3.4.2 Explore Data

Explore the data to understand and assess the quality of the data. At this stage assess the data to identify data types and noise in the data. Look for missing values and numeric outlier values.

Note:

Each record in the database is called a case and each case is identified by a case_id. Here, the case id is TIME_ID, which is an independent variable. You are forecasting the sales for evenly spaced time.

The following steps help you with exploratory analysis of the data.

  1. Import libraries

    Run the following script in a %python interpreter paragraph to import the oml modules, the Panda's module, and set the display options:

    import oml
    import pandas as pd
    import numpy as np
    import matplotlib.pyplot as plt
      
    pd.set_option('display.max_rows', 500)
    pd.set_option('display.max_columns', 500)
    pd.set_option('display.width', 1000)
    
    import warnings
    warnings.simplefilter(action='ignore', category=FutureWarning)
  2. Create a DataFrame proxy object on the SH.SALES table

    Use the oml.sync function to create the Python object SALES as a proxy for a database table SALES. The oml.sync function returns an oml.DataFrame object.

    Note:

    Only one environment for a given database schema can exist at a time.
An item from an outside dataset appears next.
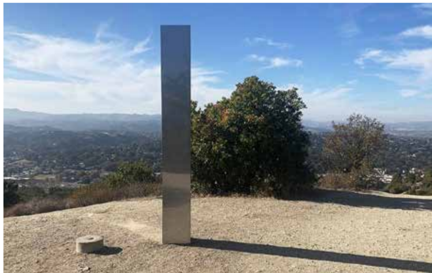
A monolith stands on a Stadium Park hillside in Atascadero, California

The 10-foot tall monolith in Utah, found by officials counting bighorn sheep in a remote desert last month, sparked worldwide awe and drew throngs of hikers making pilgrimages to see.

If "schema=None", then objects are created searched in the current user's schema.
    SALES = oml.sync(table = "SALES", schema = "SH") 
    z.show(SALES.head())

    Shows the top 5 rows of sales data.

  3. Sales dataset row and column Count

    To determine the number of rows and columns in the oml.DataFrame object SALES, use DataFrame.shape.

    print(f"Rows: {SALES.shape[0]}, Columns: SALES.shape[1]}")
    Rows: 918843, Columns: 7
  4. Sales Dataset Column Types

    Run the following script to view the data type of each column.
    print(f"Data types of each column in the Sales dataset:\n{SALES.dtypes}")

    Shows the datatypes of each column.

  5. Count of missing values by column

    To check if there are any missing values run the following script. The count function returns the number of elements that are not NULL for each column and the len() function returns the number of rows in the dataset.

    print("Number of missing values in each column is : \n")
    print(len(SALES)-SALES.count())

    Shows the count of missing values in each column.

  6. Prepare data to forecast sales by selecting needed columns and view content

    Now, prepare a Python proxy object called ESM_SH_DATA by selecting the necessary columns from SH.SALES table. For this use case, select TIME_ID and AMOUNT_SOLD.

    ESM_SH_DATA= SALES[['TIME_ID', 'AMOUNT_SOLD']]
    z.show(ESM_SH_DATA.head())

    Shows the top 5 rows of ESM_SH_DATA dataset.

  7. ESM_SH_DATA rows and columns

    Determine the shape of ESM_SH_DATA:

    print(f"Rows: {ESM_SH_DATA.shape[0]}, Columns: ESM_SH_DATA.shape[1]}")
    Rows: 918843, Columns: 2

This completes the data exploration stage.